Lo real, a decir de los físicos, no es sino un haz de infinitas posibilidades; de modo que lo propio de lo real es ser abierto: no ser real. Una o varias de esas posibilidades se realizarán pero estarán de nuevo abiertas a disolverse. Así, vio Ortega con la primera onda cuántica que urgía retomar a Heráclito, hacernos conscientes de que la realidad está siempre haciéndose y deshaciéndose, y aceptar que lo único cierto es lo incierto, precario y mudadizo.

¿De qué depende entonces que unas posibilidades se realicen y otras no? pues parece, por seguir con Bataille y no acudir a los doctores, que en buena medida de donde se fije la atención: de esa capacidad de sustraerse de los conceptos humanos de “difícil”, “imposible”, etc.; de saltar sobre ellos para mirar con claridad hacia la posibilidad y así acceder a una experiencia más plena del presente.

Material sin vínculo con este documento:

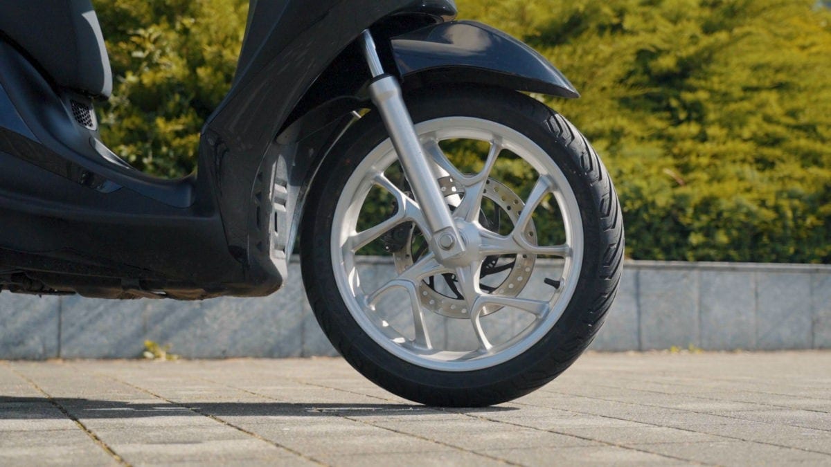 In effetti il Medley non ha dal punto di vista estetico un carattere molto marcato: è uno scooter ruota alta convenzionale, con pedana quasi piatta (di fatto lo è, al netto di un sottilissimo canale centrale che appena si percepisce) e schema ruote che vede un'anteriore da 16 pollici e una posteriore da 14.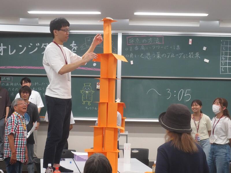 薬学生が「どんな薬が将来あるといいか?」を参加者と話し合い、そのアイディアをタワーに積み上げました。結果は…超高く! 会場は笑いと驚きに包まれました。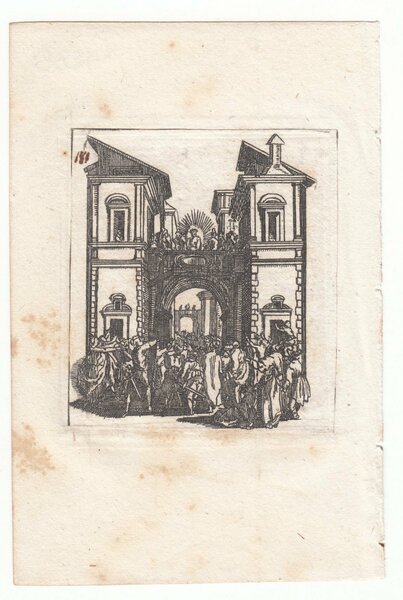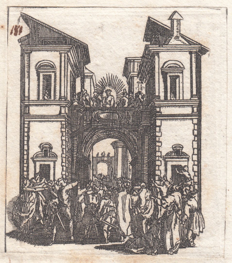 Stampa antica Old print Bulino Jacques Callot Chi volete? Gesù o Barabba? 1624-1625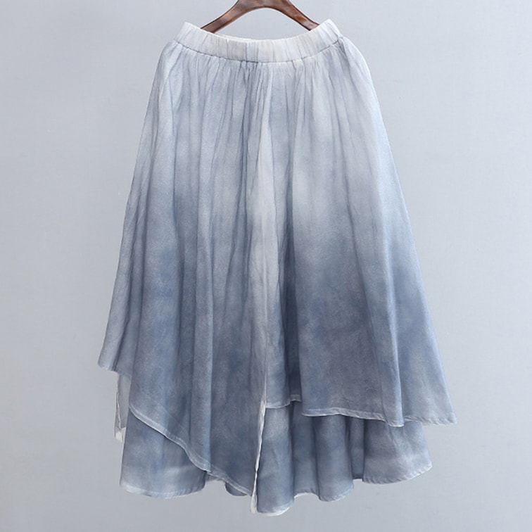 中国 ASIS コットンとリネンの二重層スプレー染色不規則な芸術的なスカート - ブルー フリー サイズ

Entre los deportistas, es ya una práctica bastante habitual visualizarse haciendo perfectamente el ejercicio y los resultados que obtienen son muy superiores respecto a los de los que sólo entrenan. Seve da fe de ello, y cuenta que se imaginaba hasta el olor de la hierba.

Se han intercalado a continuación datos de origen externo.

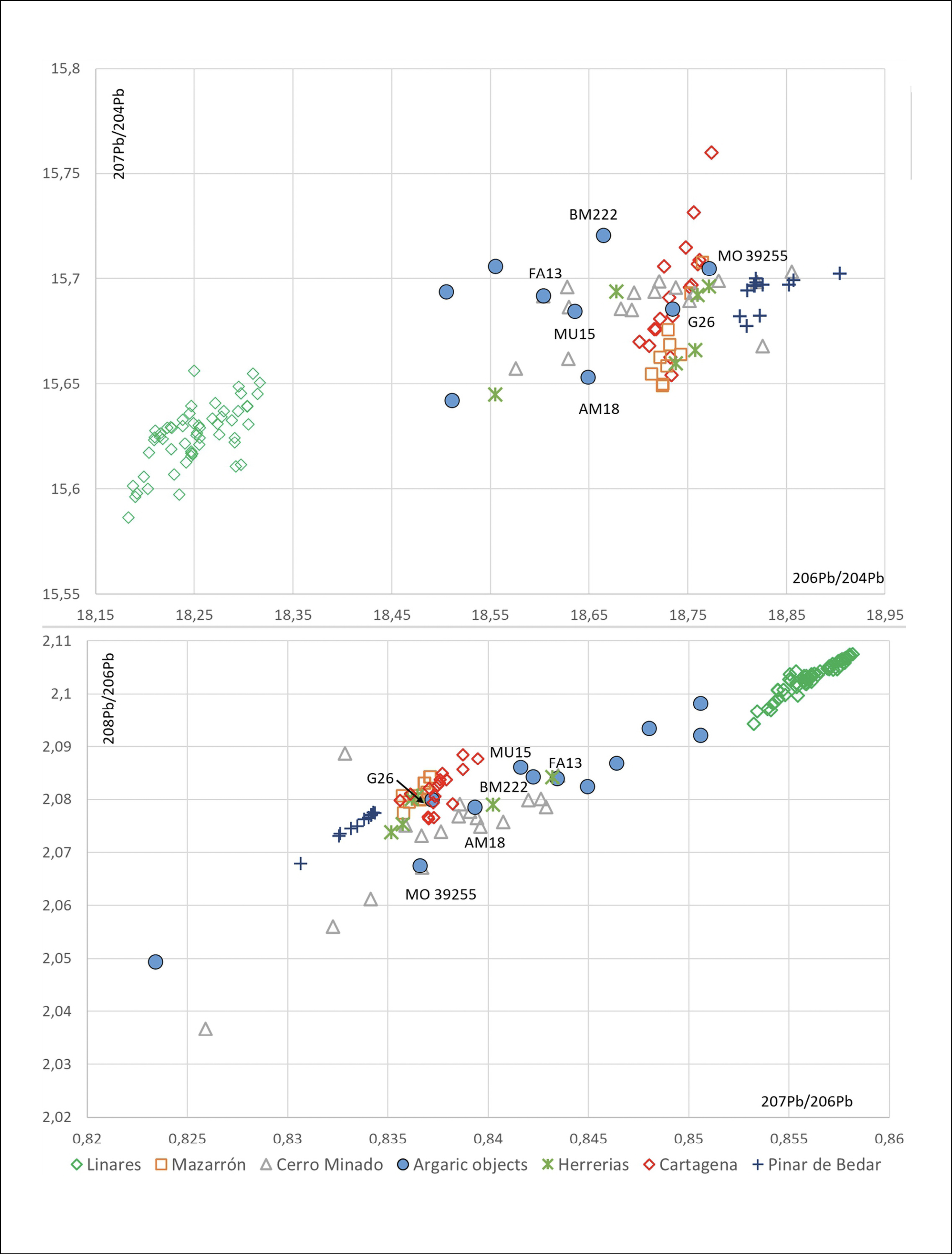 Figure 10. Lead isotope ratios of Argaric objects with an isotopic concordance with Cerro Minado mining district. ^

Abstraerse de las apariencias, aun cuando esas sombras se aparezcan tan oscuras como el diagnóstico de una enfermedad, y mantenerse firme mirando a esa realidad más perfecta, que no sabemos si existe en un lugar cerca de las estrellas como decía Platón o aquí mismo dentro de uno, nos lleva a ser el que somos, máxima de Píndaro y de cada cual. ¡Ánimo, sea realista!